Vasilisk

Vasilisk is a V8 JIT fuzzer that focuses on optimization passes.

Background

Fuzzing consists of randomized input generation to automate the process of finding crashes in programs. The probability of finding a crash increases as code coverage in the application increases. In a well formed fuzzing campaign, test cases are generated in a systematic way such that every iteration generates a greater likelihood of crashing. The structure of input for an application must also be taken into account during this process.

The premise of our research was to fuzz the JavaScript engine V8 by generating valid inputs. Specifically our target was to apply grammars to generate code that would trigger the most optimizations in TurboFan, the JIT in V8. The feedback metric used to assess coverage in the JIT was the input’s change over time through all the optimization passes. Using this metric grammar that favors heavy optimization can be selected and mutated in future iterations.

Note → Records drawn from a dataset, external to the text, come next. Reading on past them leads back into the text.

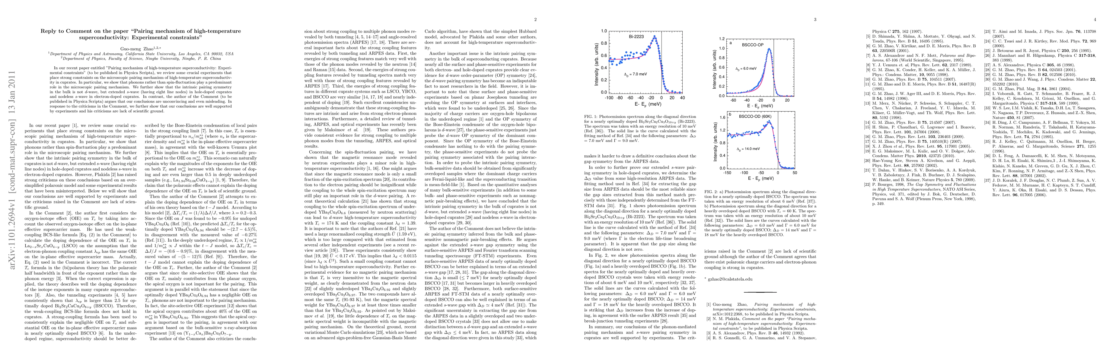 In our recent paper entitled "Pairing mechanism of high-temperature superconductivity: Experimental constraints" (to be published in Physica Scripta, arXiv:1012.2368), we review some crucial experiments that place strong constraints on the microscopic pairing mechanism of high-temperature superconductivity in cuprates. In particular, we show that phonons rather than spin-fluctuation play a predominant role in the microscopic pairing mechanism. We further show that the intrinsic pairing symmetry in the bulk is not d-wave, but extended s-wave (having eight line nodes) in hole-doped cuprates and nodeless s-wave in electron-doped cuprates. In contrast, the author of the Comment (to be published in Physica Scripta) argues that our conclusions are unconvincing and even misleading. In response to the criticisms in the Comment, we further show that our conclusions are well supported by experiments and his criticisms are lack of scientific ground.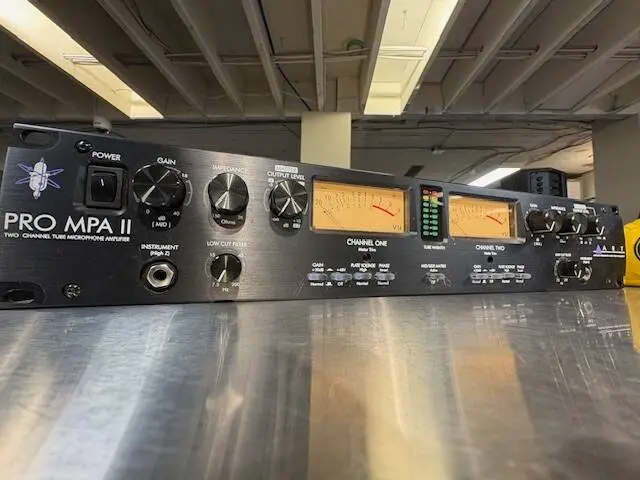 The ProMPA II can operate at either a low or high plate voltage on the two integrated hand-selected 12AX7 tubes for wider variation of preamp tone and performance. Large back-lit analog VU output meters display output levels while multi-colored LED arrays show tube gain.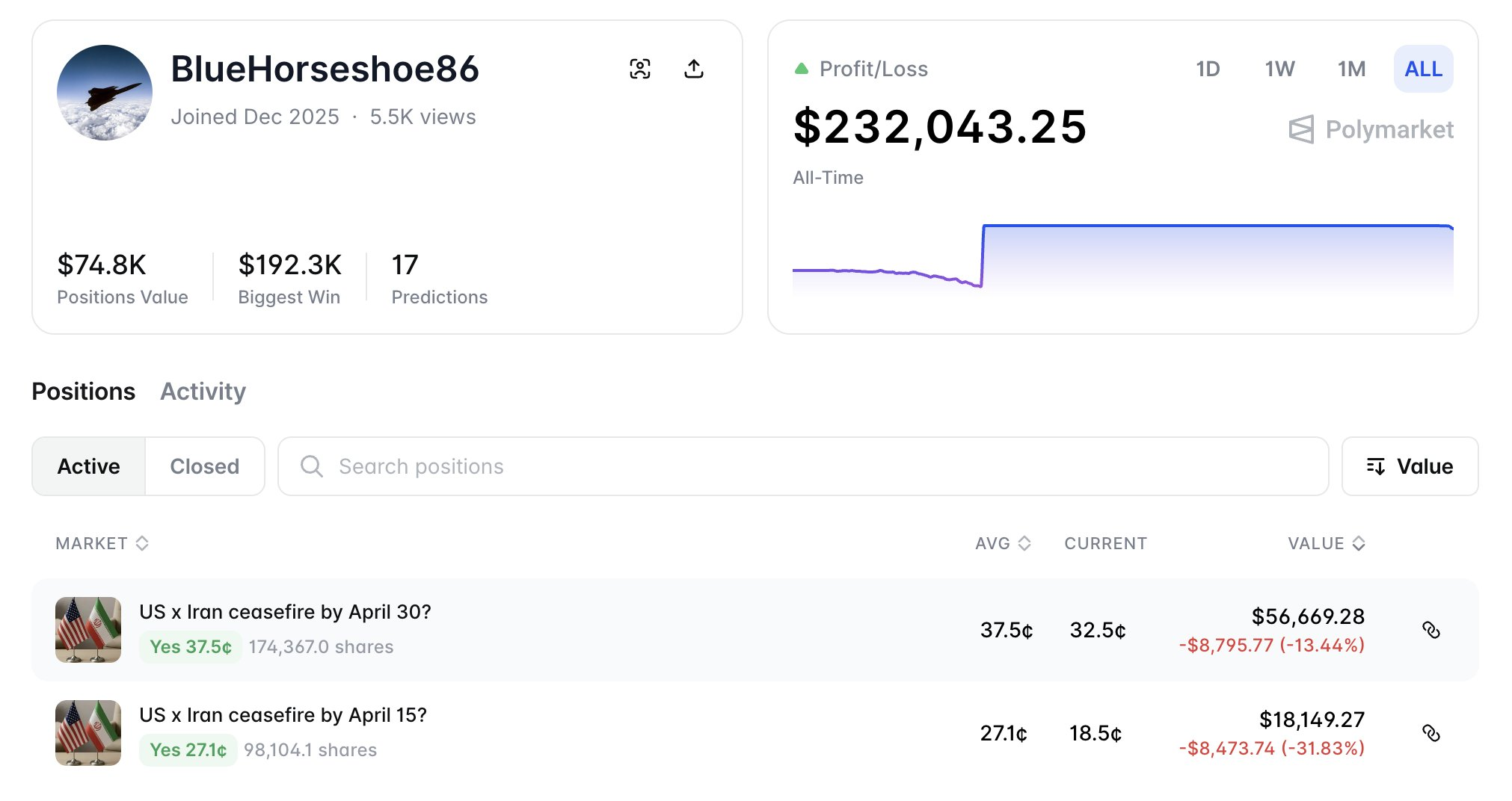 深潮 TechFlow 消息,3 月 19 日,据链上分析平台 Lookonchain(@lookonchain)监测,链上交易员 BlueHorseshoe86 在预测市场累计投入约 9.2 万美元,押注美国与伊朗将于 4 月 15 日或 4 月 30 日前达成停火协议。该交易员此前曾押注”马杜罗下台”,获利约 26 万美元。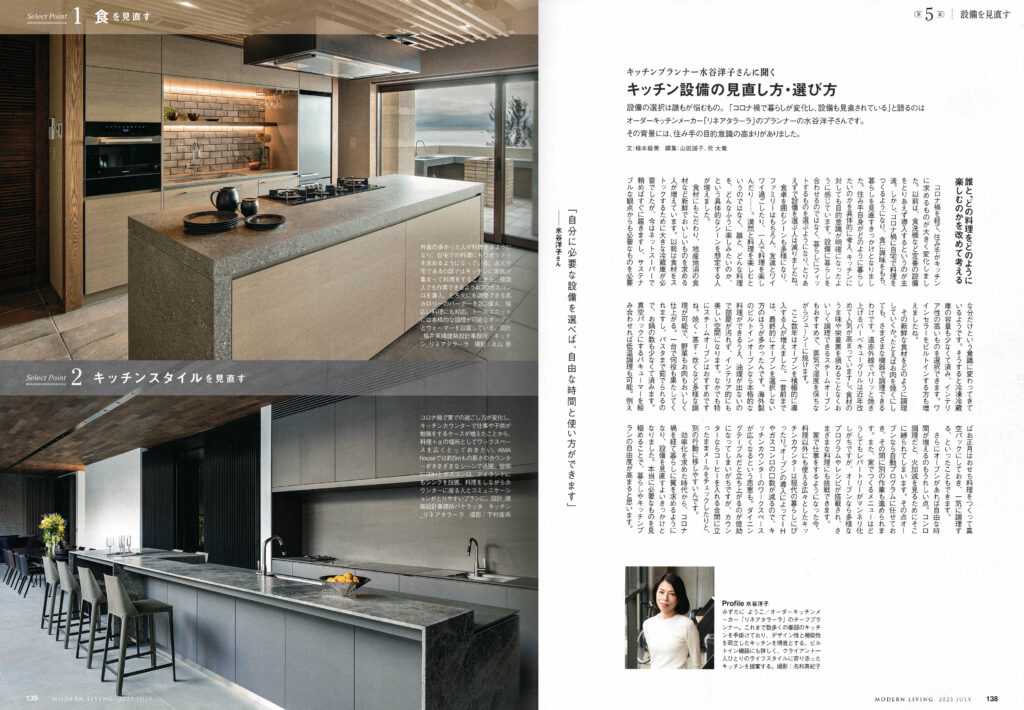 特集タイトルは「キッチンプランナー水谷洋子さんに聞く " キッチン設備の見直し方・選び方 "」

TurboFan design consists of bitcode being JITed to quality machine code through phases of optimization passes. It makes use of static type information to accurately convert bytecode to machine code. During this process the bitcode can be translated into an intermediate representation where traits like evaluation order, code elimination, allocations, and bounds checks can be analyzed. By parsing the nodes in the IR, conclusions can be drawn about how actively the JIT optimized our test cases, and allows for updates to our grammars accordingly. Building V8 with sanitizers like ASAN, and SANCOV allows for methodology to be tested and verified.

Introduction

The goal of our research was to develop a feedback metric to measure code coverage in the V8 JIT, and leverage a custom method of grammar generation that accurately handled this feedback. Furthermore, the grammar generation component also had to preserve the interactions between different concrete grammar test cases. Our solution to this problem seeks to provide insight into fuzzing large applications when symbolic execution is not valid for dynamic test case generation, developing performant code generation systems with grammars, and uncovering new properties about JIT compiler bugs. A system such as this is able to start with versatile JavaScript and nurture specific test cases that force the JIT to do more work at each optimization pass.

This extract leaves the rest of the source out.